Five minutes later I came zooming out of Piazzetta del Castellare on a red-and-black scooter. Peppo Tolomei had helped me into the saddle with the gallantry of a magician helping a lovely young assistant into a box he intends to saw in half, and as soon as I had a secure grip on his braces, we zoomed out through the covered alleyway, braking for no one.

Peppo had insisted on closing up the museum right away and taking me home with him, so that I could meet his wife, Pia, and whoever else happened to be around. I had gladly accepted the invitation, assuming that the home to which he was referring was just around the corner. Only now, as we flew up the Corso past Palazzo Tolomei, did I realize my mistake.

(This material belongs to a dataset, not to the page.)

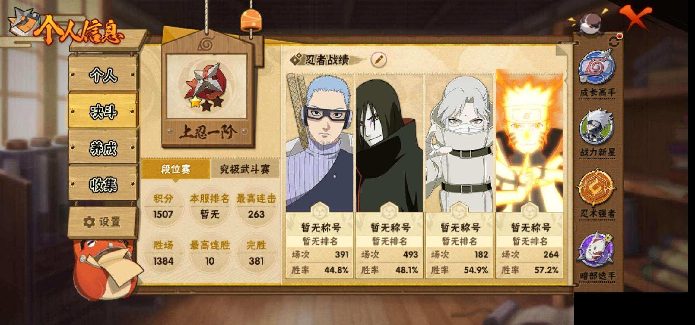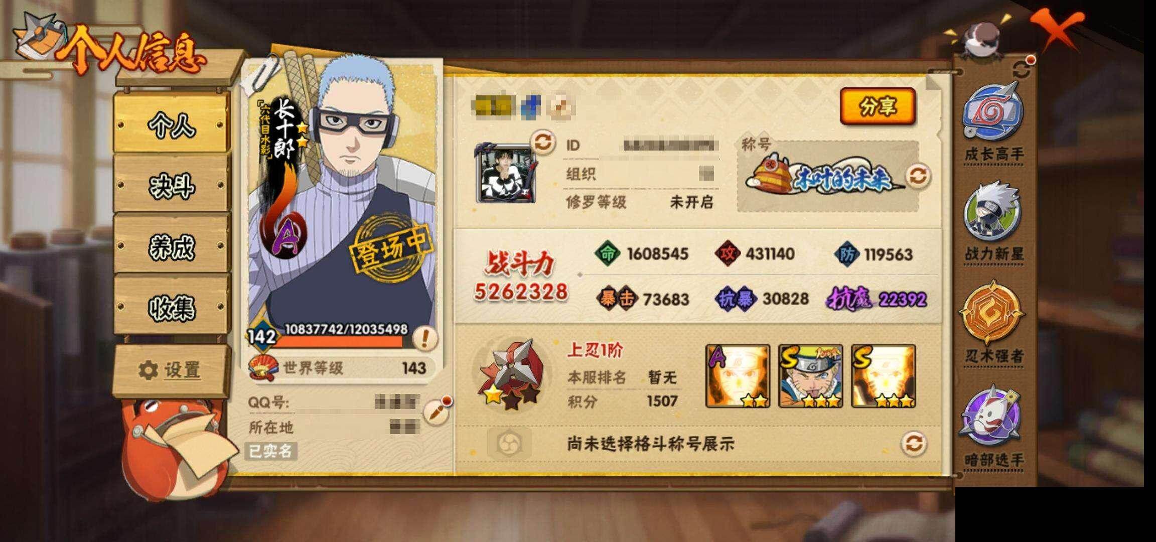 【VIP等级】7 【战力值】526W 【段位】上忍1阶

‘Is it far?’ I yelled, hanging on as best I could.

‘No-no-no!’ replied Peppo, narrowly missing a nun pushing an old man in a wheelchair. ‘Don’t worry, we will call everyone and have a big family reunion!’ Excited at the prospect, he began describing all the family members I would soon be meeting, though I could barely hear him in the wind. He was too distracted to notice that, as we passed Palazzo Salimbeni, we went right through a handful of security guards, forcing them all to jump aside.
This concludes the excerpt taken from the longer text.